For some time now, it has seemed as if Bell has wanted to abandon the complications of syntax which have sometimes marked other of his poems, even though they were nearly always genial complications. He has sought a plainer speech, as American and colloquial as Williams'. Since Gary Snyder's haybucker in "Hay For The Horses" many poets have tried to appropriate into their poems a gritty, tough-talking American character, and to thereby earn for themselves some similar authority or "authenticity." But in Stars Which See, Stars Which Do Not See, Bell has found within his own voice that American voice, and with it the ability to write convincingly about the smallest details of a personal history. He has found the maturity to meet with an enviable generosity those otherwise ordinary domestic events and routines of a daily life…. And what in some poets has always seemed a Puritan underpinning to our ideas of American speech ("straight talk, no nonsense") instead reads in Bell simply as a belief that words might possibly mean what they say. Yet this never leads him to contend, as it apparently has others, that beauty in language is the snake-oil of poetry. Nor does Bell ever feel called upon to abandon his intelligence to retain his identity as an American.

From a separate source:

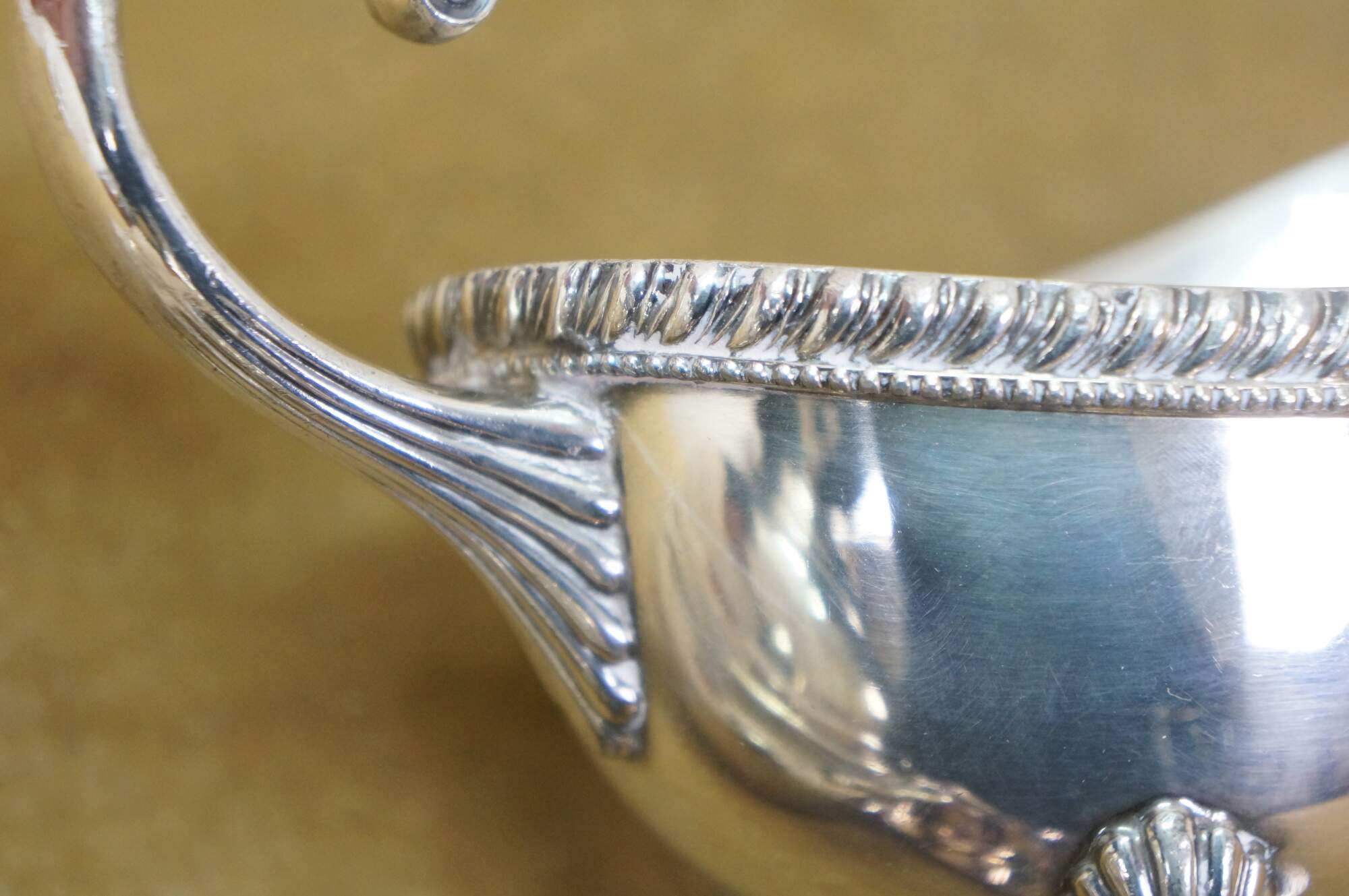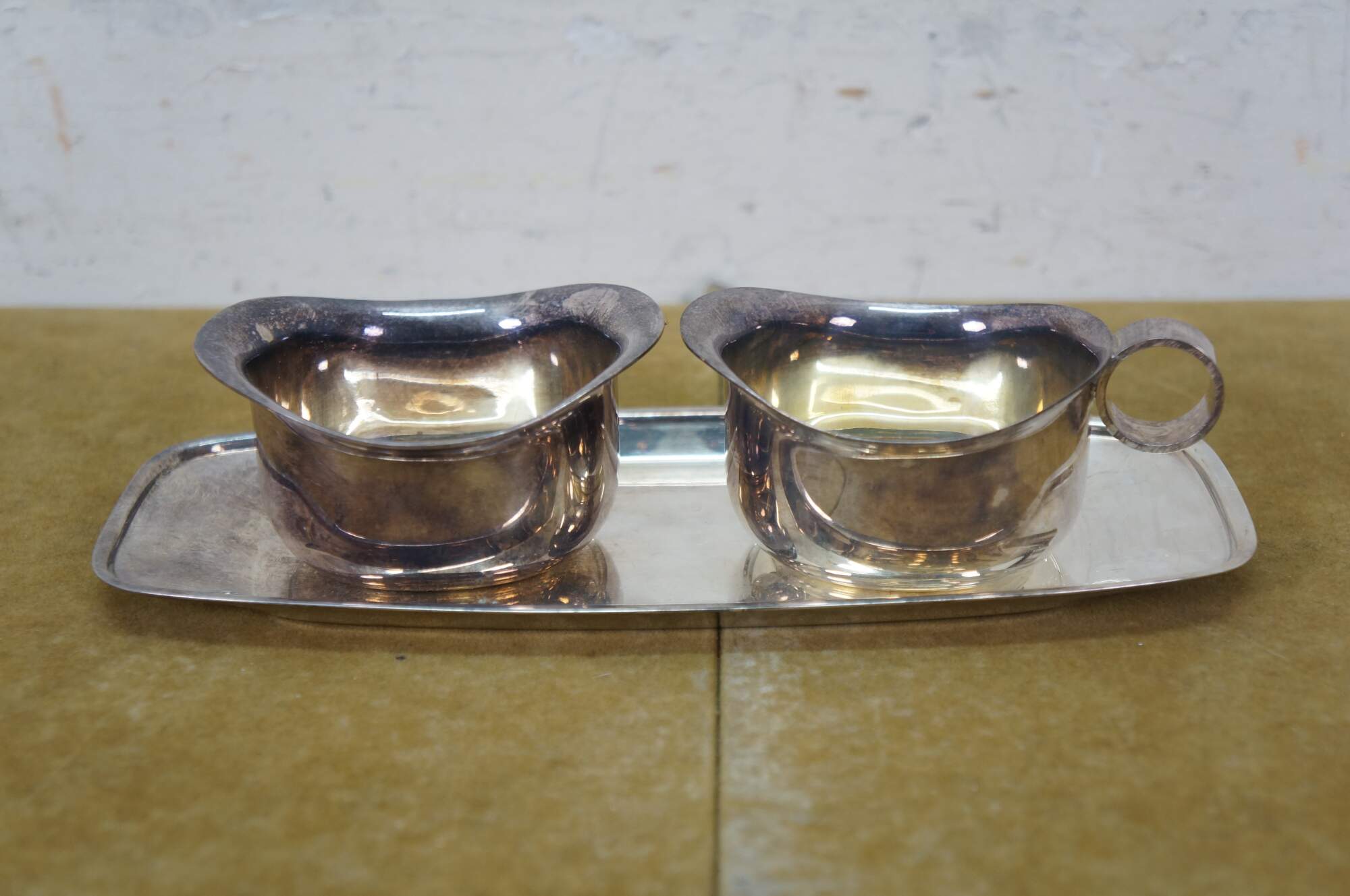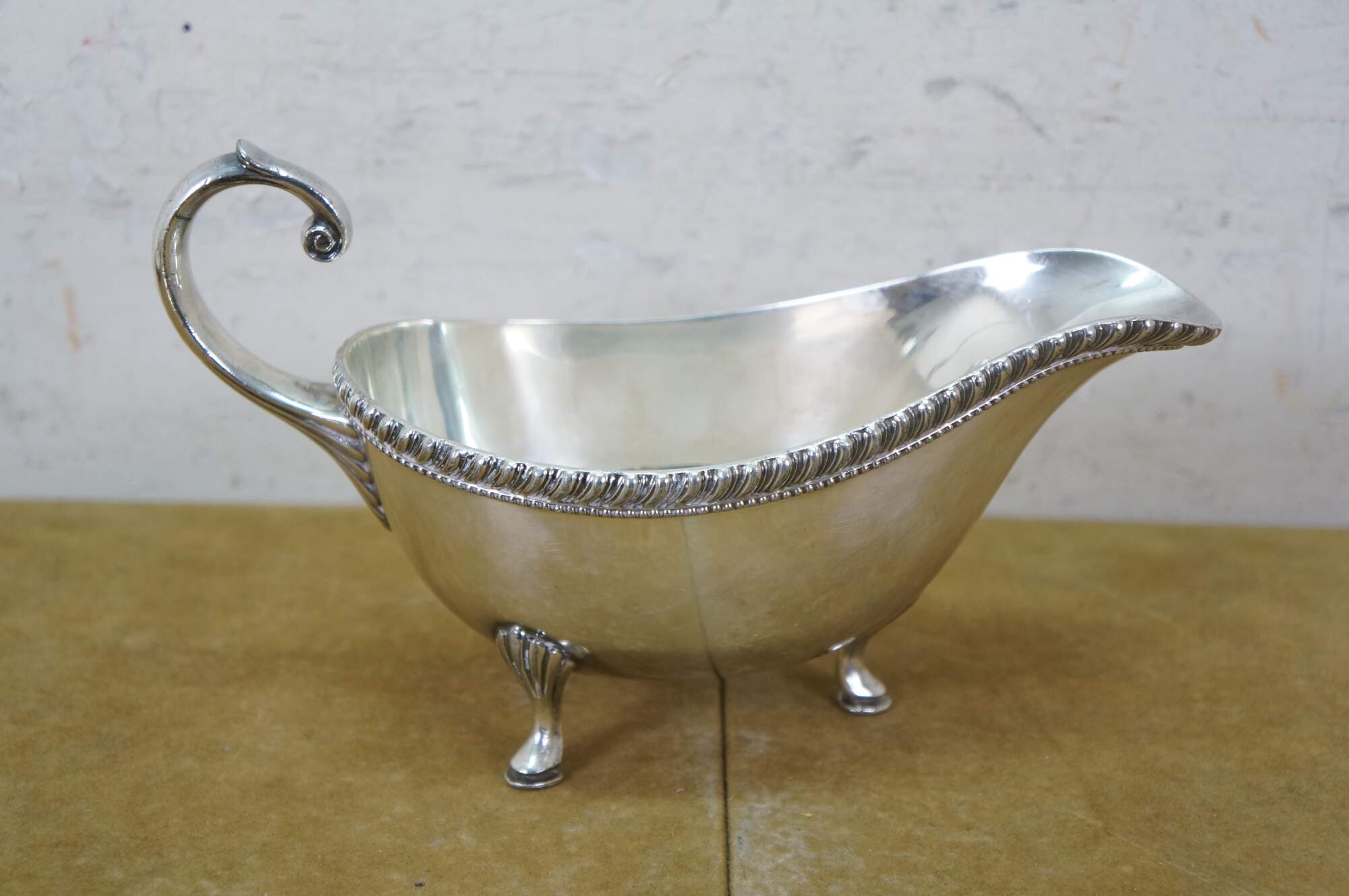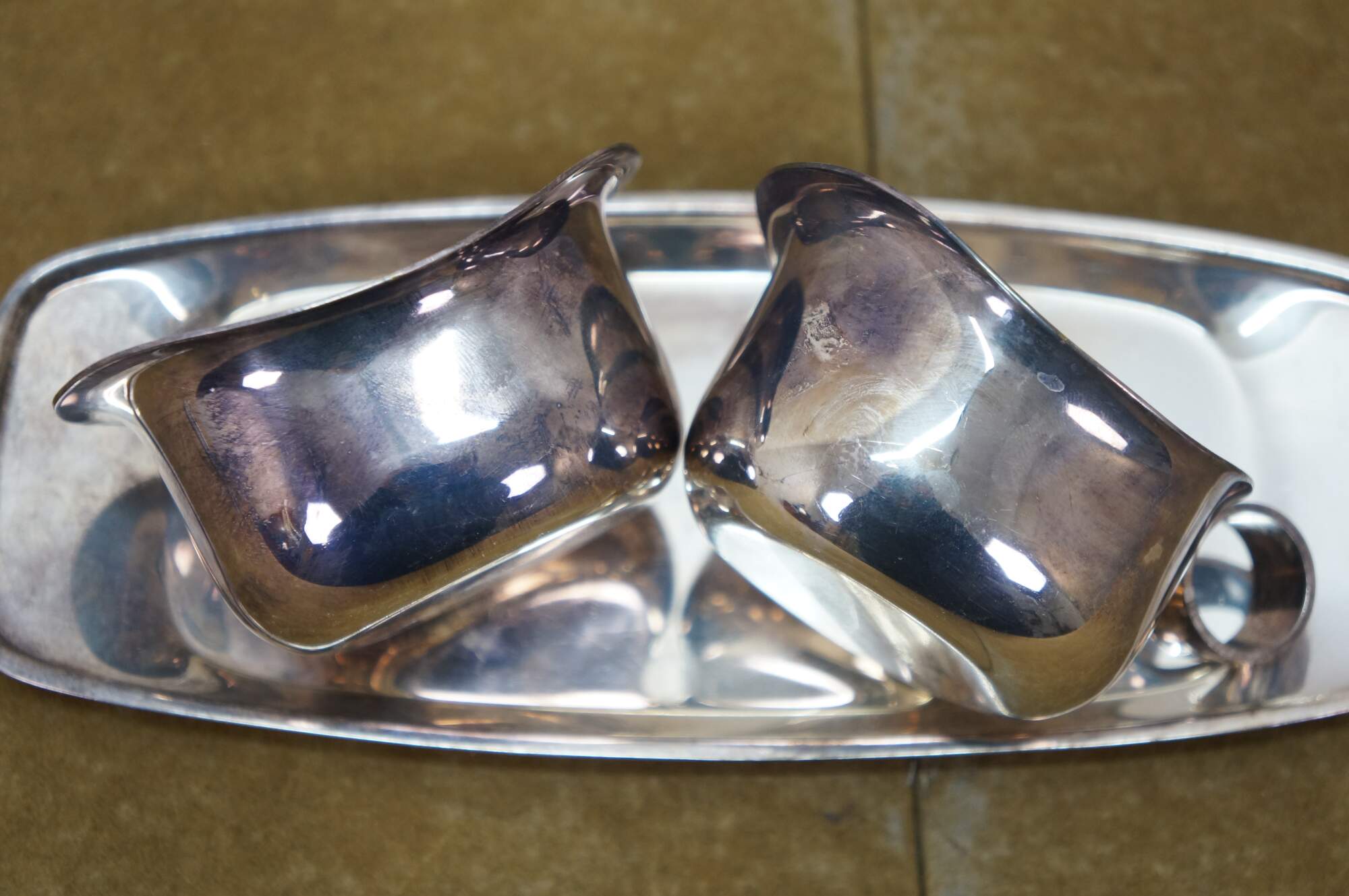 Vintage silver plate serving pieces. Including Oneida Community - Lakewood, National Silver Co, W&S Blackinton, Farberware. 2 Gravy / Sauce Boats, 2 Butler Crumb Trays, Lidded Butter Dish, Cream & Sugar Bowl with Underplate

Throughout Stars Which See, Stars Which Do Not See, the overwhelming concern is for wholeness. The poems seek to establish the self in relation to the natural, as in poems such as "The Self and the Mulberry" … and "Bits and Pieces of Our Land."… The poems consider the self's relation to the fragments of the past and the vague promises we name the future, yet they rely on nothing so grand as these summations imply. The poems are invariably located in the moment, the idea arising from the fact. Each seems as earthbound as a prayer, for what but a life on earth prompts us to prayer? (pp. 315-16)

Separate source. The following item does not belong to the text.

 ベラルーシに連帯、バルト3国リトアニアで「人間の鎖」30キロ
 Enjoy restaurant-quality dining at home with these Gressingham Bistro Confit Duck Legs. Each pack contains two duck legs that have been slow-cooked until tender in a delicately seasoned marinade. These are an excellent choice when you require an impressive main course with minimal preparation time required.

Slowly, through a reading of the book, we assume a trust in the voice of these poems, a trust enhanced by the instances of sheer lyric beauty. (p. 317)

[It] is the daily incident transformed, the minute detail serving as fulcrum to the poem, which informs nearly all of Stars Which See, Stars Which Do Not See. Bell has sought out the most physical mirrors for his considerations of the self. He refuses to dazzle us with mysterious possibilities; instead, he is happy now to talk with us plainly, until we feel we understand.

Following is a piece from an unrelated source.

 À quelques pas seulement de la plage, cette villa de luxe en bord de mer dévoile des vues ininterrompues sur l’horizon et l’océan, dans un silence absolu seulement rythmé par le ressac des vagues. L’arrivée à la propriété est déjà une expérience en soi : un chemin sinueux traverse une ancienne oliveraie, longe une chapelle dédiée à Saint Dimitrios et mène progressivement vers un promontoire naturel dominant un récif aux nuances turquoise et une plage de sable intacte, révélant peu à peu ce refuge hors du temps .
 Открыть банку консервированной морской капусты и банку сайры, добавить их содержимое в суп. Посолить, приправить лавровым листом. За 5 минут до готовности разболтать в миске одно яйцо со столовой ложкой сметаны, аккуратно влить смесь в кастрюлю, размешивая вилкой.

It is in the poem "Trinket," which I take to be the real and secret Ars Poetica of the book, that Bell most clearly outlines his methods and concerns. The pacing is deliberate and exact, like the movement of the poem's water through a crack in a fern pot. The poem's humor is measured and human. It is not in grandeur that the self is to be found, but in this minute trickle of water through the cracked, baked earthen pot. It is this trinket, this gift, which is to be found and shared. The poem enacts the same balance of self Bell has sought in all of the book, and the pervasive presence in the poem steadies as we, like the water, move slowly out of what contains us. It is this delicate balancing act, between ambition and peace,… between our self-consciousness and the natural, which "Trinket" allows us to perform…. (pp. 318-19)

David St. John, "Oxygen and Small Frictions," in Parnassus: Poetry in Review, Vol. 5, No. 2, Spring-Summer, 1977, pp. 314-20.